The issue there if you're talking about income vs tuition costs is not at the college level, it's the society level, it's the job market level who determines that if you have X it means you're worth more and therefore if you only have a degree in this lowly category pfft you might as well have not gotten a degree at all. Don't blame the colleges, blame the people who arbitrarily decide that a humanities degree mean nothing and it's also precisely why you have people in the boat they are in now because they were taught that you have to go for X degree because that's where the money is, that's where you are valued and you can't just go to college for this Y degree you won't make any money. Yeah well many found themselves well overqualified for what jobs they could get (if they could get one) after they graduated college. That's what focusing only exactly what field you get a degree in can get you.
 
When my first child was born tuition was 4600 for the year it is currently 15k for the year. The bigger cost is room and board which makes the cost 35k a year. Yes we could all spend our adult working lives scrimping and saving every dime for our kids to go to college without debt, but if we all did that their wouldn't be any jobs when they graduated. Our economy just doesn't work that way, it never will and it shouldn't. Like I said earlier our economy is consumer and service based

I think more and more kids will forego college. I think the cost has gotten to point where it's not worth it. They may choose to live at home and do online school or other alternatives. It's unfortunate because I think going away to school and experiencing the college life is such a great experience. In addition to that with AI I think kids are more confused then ever. They are very worried AI will take over any career then choose.
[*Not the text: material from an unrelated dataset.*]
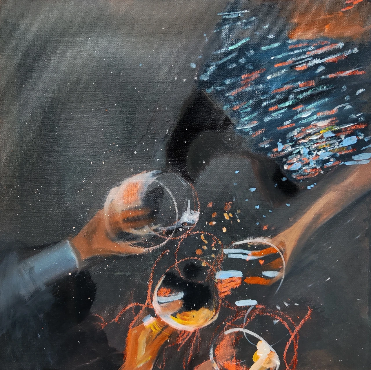 Работа из серии "Мерцание", где я пыталась уловить эффект мерцания через краску. Зафиксировать момент блеска, передать магию света и тени, мерцающий блеск жизни.
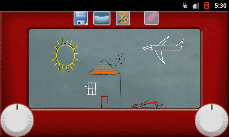 Turn the knobs to etch a sketch onto your screen, shake to erase, just like magic!

AI is an interesting thing too. It can be very helpful and has increased in usage over the years but yeah it will and has already had an impact on jobs, like robots did before, AI is doing now.

Part of it I think is adjusting what jobs people are doing and where. It's a slow process over years but it's not like we haven't done it before. Industrial Revolution, advancements in technology using computers, sensors, robots and now AI. We have shifted and moved what jobs we do and adapted. It's getting the rest of society on board that usually takes the longest. Look how long it took for remote/work from home took to get really a hold of the job market, a pandemic created the driving force into much more acceptance which has opened up new or at least in some ways different ways of doing a job.